Simulated Author's Rebuttal

3 responses · 0 unresolved

We thank the referee for the constructive and detailed comments, which highlight important areas for improving the clarity and rigor of our evaluation and analysis. We address each major comment point-by-point below and commit to substantial revisions that directly incorporate the requested details, metrics, and ablations.

read point-by-point responses
  1. Referee: [Abstract and §4] Abstract and §4 (Evaluation): The headline success rates on MP-1 and MP-3 are given without any description of the evaluation protocol, including total number of routes per length bin, route sampling procedure, number of independent trials, or the exact criteria used to judge a route 'successful' (e.g., hazard-free arrival, time limits, or human verification). With only ~13 routes per category, the 7–8 percentage-point margins over baselines cannot be assessed for statistical reliability or robustness.

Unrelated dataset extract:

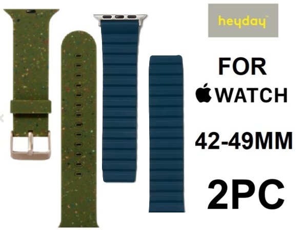 2PC heyday Apple Watch Silicone Band - 41-49 mm - olive speckle/ BLUE

    Authors: We agree that the evaluation protocol was under-specified in the submitted version. In the revised manuscript we will add a dedicated subsection in §4 that explicitly states: (i) 13 routes per length bin (short: <20 m, medium: 20–50 m, long: >50 m), sampled by enumerating all feasible start–end pairs on the ground-truth graph and binning by shortest-path distance; (ii) the exact success criterion (the generated instruction sequence must produce a hazard-free path that reaches the destination when executed on the verified building graph, confirmed by two independent human annotators); (iii) three independent runs of the full pipeline per route to account for LLM stochasticity, with mean success rates and standard deviations reported; and (iv) a statistical comparison (McNemar’s test or bootstrap confidence intervals) for the observed margins. These additions will allow readers to assess reliability directly. revision: yes

  2. Referee: [Abstract and §4] Abstract and §4: No quantitative results, success rates, or error analysis are reported for the CVC-FP benchmark despite its explicit mention as an evaluation target. This omission prevents any assessment of generalization beyond the visual conventions of the two MP floors.

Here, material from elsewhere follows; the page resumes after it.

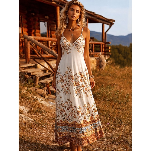 Per donna Abito maxi Vestito Estivo Abito a trapezio Abito Sottoveste Vacanza Casual Boho Spiaggia Vestibilità regolare Floreale Grafico Senza Maniche Scollo a V Spalline sottili Blu Marrone chiaro

    Authors: We acknowledge the omission. Although the manuscript states that the system was evaluated on CVC-FP, we did not include the numerical results. In the revision we will insert a new paragraph in §4 reporting: overall parsing accuracy (node/edge F1), navigation success rates broken down by route length, and a brief error analysis contrasting failure modes on CVC-FP versus the MP floors. This will directly demonstrate generalization across different floor-plan visual styles. revision: yes

  3. Referee: [§3.1–3.2] §3.1–3.2 (Multi-agent Parsing Pipeline): The central claim that the self-correcting multi-agent module produces an accurate spatial knowledge graph and hazard map rests on the assumption that LLMs can reliably extract precise spatial relations (door swings, connectivity, stair/elevator symbols) without systematic errors. No failure-case breakdown, per-relation accuracy metrics, or ablation on the retry/feedback loop is provided to substantiate this assumption.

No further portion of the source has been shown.